«La Marsellesa», más que un himno.

No nació en Marsella, fue en Estrasburgo y sucedió así.

Plaza Broglie de Estrasburgo, un monumento, un restaurante y un cartel que dice: «Aquí se levantaba la casa donde resonó por primera vez «La Marsellesa» cantada por Rouget de L’Isle en el domicilio del alcalde Dietrich el 26 de abril de 1792″.

Cuenta Mary-Cliquet en «Rouget de L’Isle: Biografía completa e inédita del autor de La Marsellesa« que el alcalde de entonces, el barón Frédéric de Dietrich, fundó el periódico «La Feuille», donde Rouget de L’Isle publicó ensayos políticos y un himno a la libertad.

El regidor y Rouget, capitán del Ejército del Rin, eran amigos. El 20 de abril de 1792 fue invitado a cenar en casa del Alcalde para celebrar la declaración de guerra a Austria de ese mismo día.

De regresó a su casa, en el actual número 81 de la Grand’Rue, a diez minutos a pie del domicilio del Alcalde, con el patriotismo y el espíritu poético por las nubes, cogió su violín y compuso la primera estrofa y la música del himno durante toda la noche.

Dicen que el Alcalde lloró de emoción y alegría al día siguiente, cuando el poeta-soldado volvió a su casa y le cantó el himno recién compuesto. El pintor Isidore Piles pintó aquel momento en un cuadro de 1849 que se conserva en el Museo Histórico de Estrasburgo.

El himno original se llamó «Cántico del Ejército del Rin», del que formaba parte su autor y fue editado el 30 de abril de 1792. Constaba de seis estrofas, a las que se añadió cinco meses después una séptima compuesta por Louis Dubois.

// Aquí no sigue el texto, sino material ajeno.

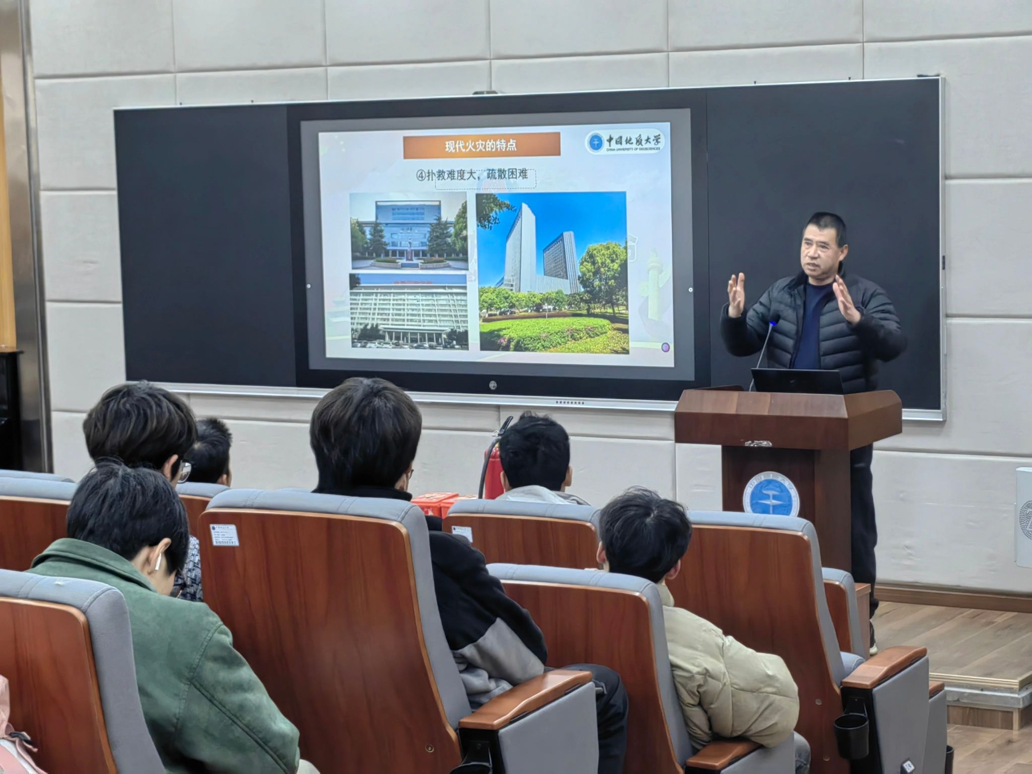 首先,安全保卫部消防科刘从贵科长对学生进行《消防安全知识》教育。他通过火灾构成要素、火场逃生自救方法、常见消防器材的使用等方面进行讲授,并结合韩国三级

¿Y cómo aquel canto se convirtió en «La Marsellesa»? De Dietrich publicó la letra y la música del himno en «La Feuille», algunos de cuyos ejemplares se distribuyeron en grandes ciudades como Marsella.

El periódico cayó en manos del soldado y músico Charles Vernade, que la cantó a los voluntarios de varios batallones. Atravesaron Francia entonándola y entraron en París el 30 de julio al son del nuevo himno patriótico.

El himno del Ejército del Rin, el himno de los voluntarios marselleses pasó a llamarse «La Marsellesa».


Su éxito superó lo esperado por Rouget de L’Isle, que no imaginaba que poco después media Francia ya se sabía y cantaba su letra.

Unos dicen que Rouget de L’Isle cantó La Marsellesa por primera vez en medio de la plaza. Otros dicen que sucedió en el número 17 de la cercana rue de Charpentiers.